# Task description
Reproduce all the entries exactly and keep the pictures out.

Top of Data provided

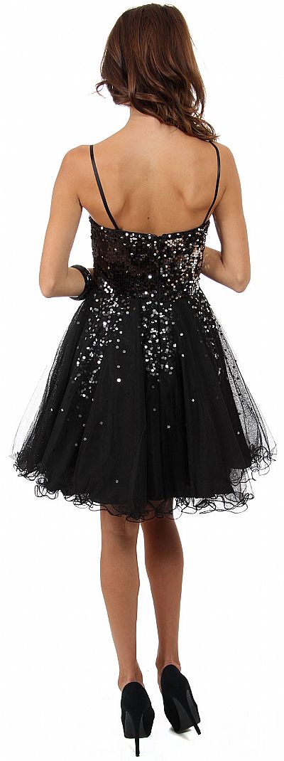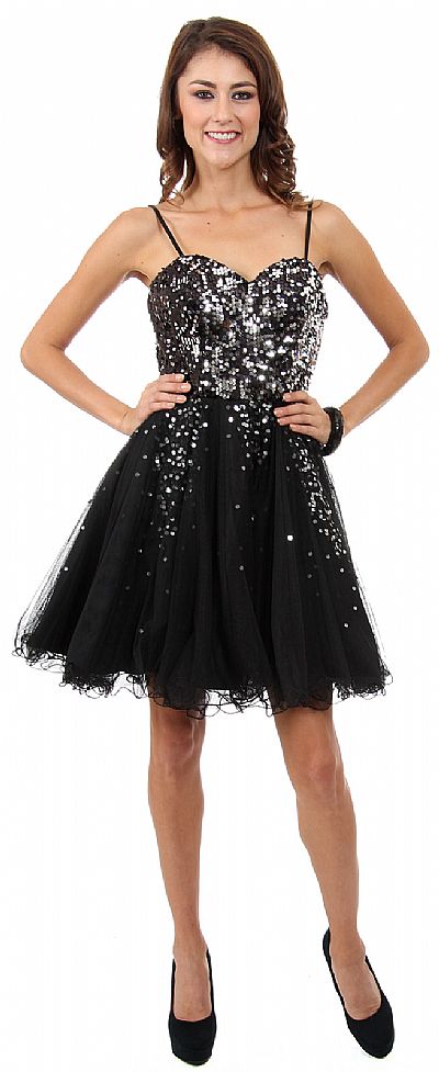 Spaghetti Straps Sweetheart Neck Short Party Prom Dress in Mesh Tulle. Sequins all over the bodice whereas elongated v-shape sequins on the skirt. Multi layered mesh skirt with ruffled hemline. Comes with mesh scarf & has back zipper closure. Spaghetti straps are removable. Imported.
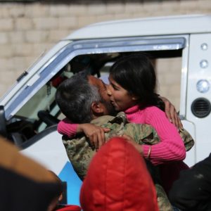 ورصدت الصور لحظات اللقاء الذي جمع بين بعض الأسر في “كفرمز” التابعة لبلدة “شران”، وأقاربهم في “الجيش السوري الحر”، وسط دموع الفرح وإطلاق الزغاريد.
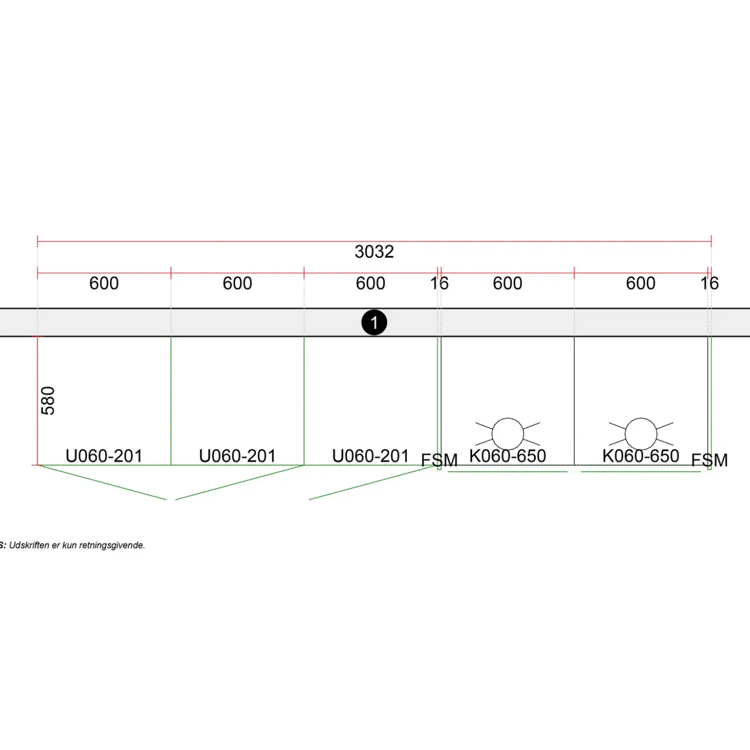 – 2 x U060-201 Hyldeskab, m/ 1 hylde
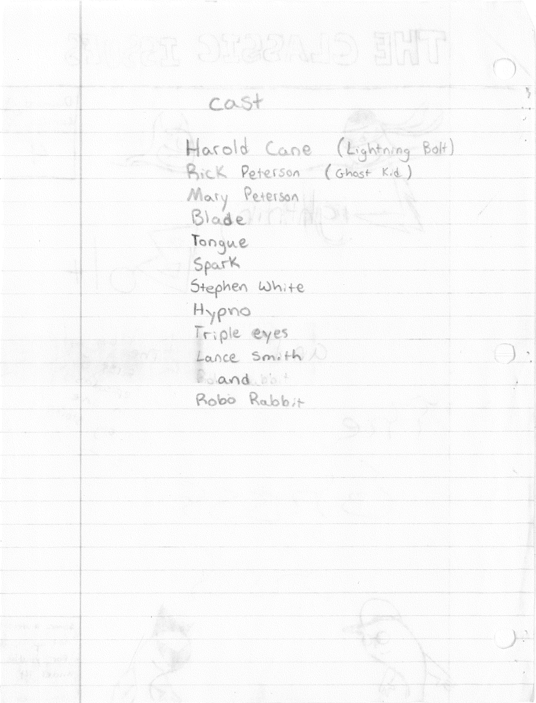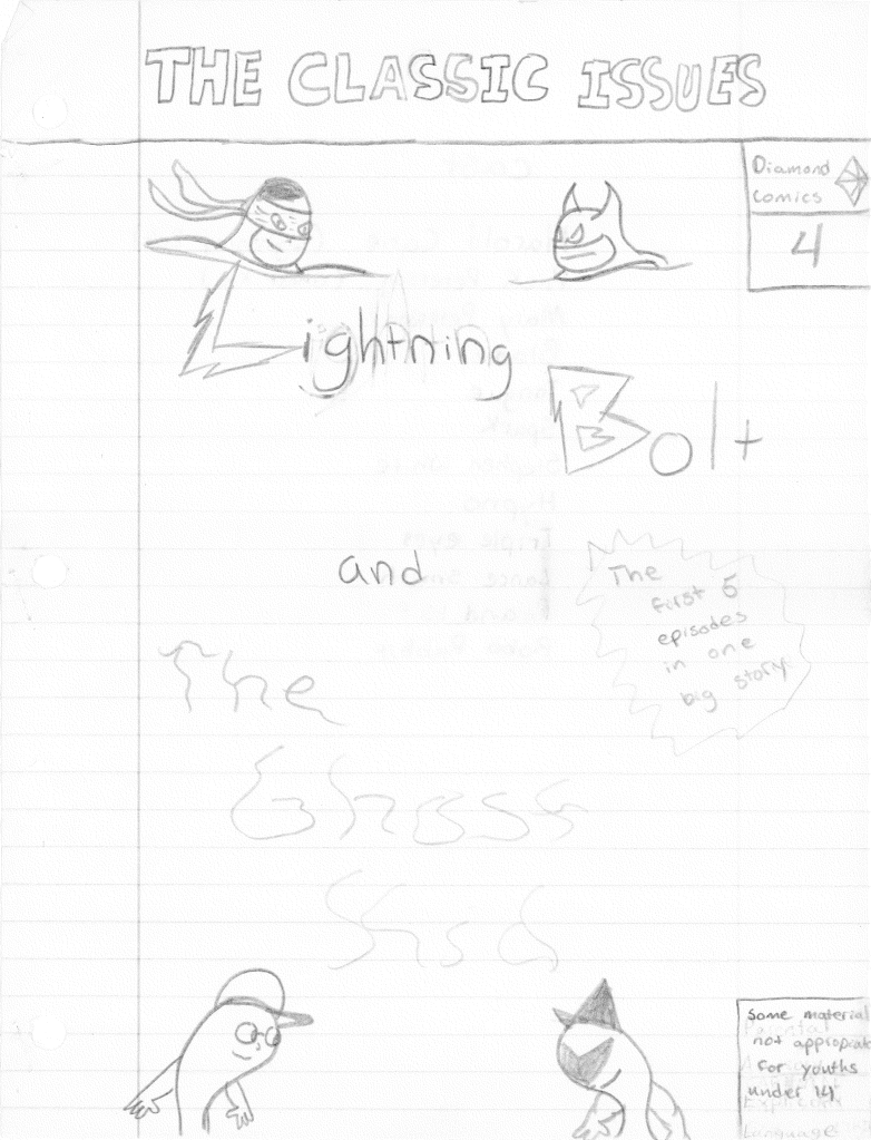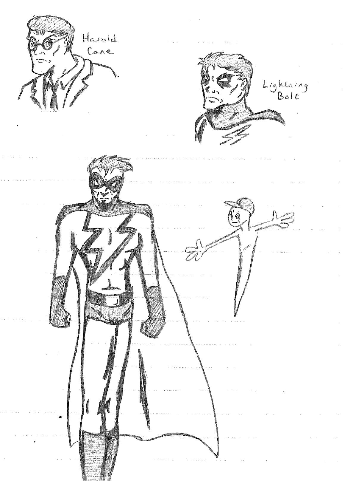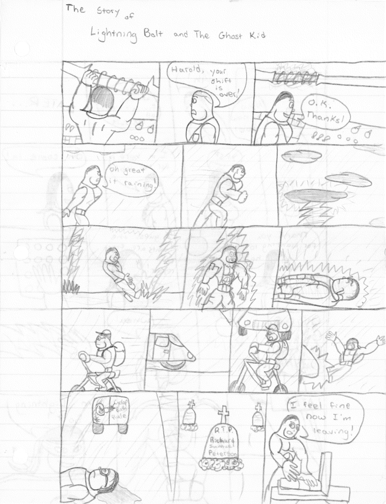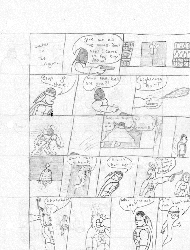 Lightning Bolt and the Ghost Kid are among my favorite creations for several different reasons. First off, they were born from ridiculous origins. From within the pages of My Book of Drawings 2 came Shnono Man and Boo Boy. These were two characters who were meant to be parody of superheroes, utilizing a facial expression used by myself and my best friend Jamin Sponaugle. Nothing about this was meant to be serious. It was just a silly drawing I did to amuse myself. I wish I could explain the names, but to my recollection, “shnono” was some goofy word we came up with.
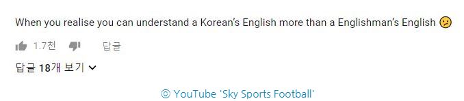 한 유튜브 이용자는 "당신이 영국인 영어보다 한국인 영어를 더 잘 이해하는 걸 깨달을 때"라는 댓글을 남겼다. 이 댓글은 좋아요 1400회 이상을 기록하며 공감을 얻고 있다.
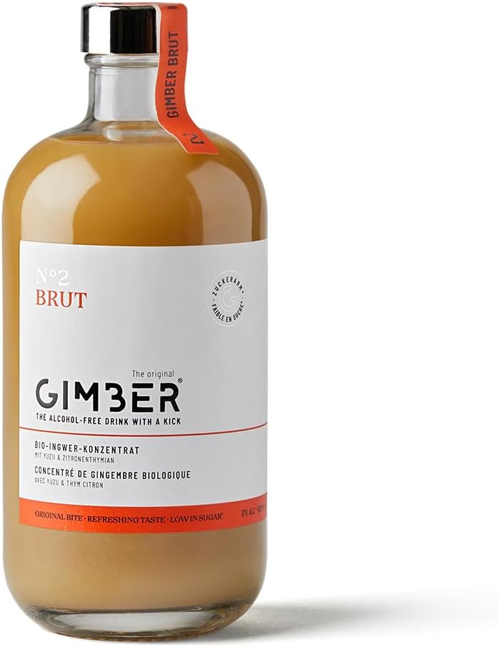 Gimber Organic Ginger Concentrate 500ml l New recipe l Less sugar l Alcohol-free organic drink made from ginger, yuzu fruit and lemon thyme | BRUT the new organic ginger concentrate

Bottom of Data provided

# Response area
 Spaghetti Straps Sweetheart Neck Short Party Prom Dress in Mesh Tulle. Sequins all over the bodice whereas elongated v-shape sequins on the skirt. Multi layered mesh skirt with ruffled hemline. Comes with mesh scarf & has back zipper closure. Spaghetti straps are removable. Imported.
 ورصدت الصور لحظات اللقاء الذي جمع بين بعض الأسر في “كفرمز” التابعة لبلدة “شران”، وأقاربهم في “الجيش السوري الحر”، وسط دموع الفرح وإطلاق الزغاريد.
 – 2 x U060-201 Hyldeskab, m/ 1 hylde
 Lightning Bolt and the Ghost Kid are among my favorite creations for several different reasons. First off, they were born from ridiculous origins. From within the pages of My Book of Drawings 2 came Shnono Man and Boo Boy. These were two characters who were meant to be parody of superheroes, utilizing a facial expression used by myself and my best friend Jamin Sponaugle. Nothing about this was meant to be serious. It was just a silly drawing I did to amuse myself. I wish I could explain the names, but to my recollection, “shnono” was some goofy word we came up with.
 한 유튜브 이용자는 "당신이 영국인 영어보다 한국인 영어를 더 잘 이해하는 걸 깨달을 때"라는 댓글을 남겼다. 이 댓글은 좋아요 1400회 이상을 기록하며 공감을 얻고 있다.
 Gimber Organic Ginger Concentrate 500ml l New recipe l Less sugar l Alcohol-free organic drink made from ginger, yuzu fruit and lemon thyme | BRUT the new organic ginger concentrate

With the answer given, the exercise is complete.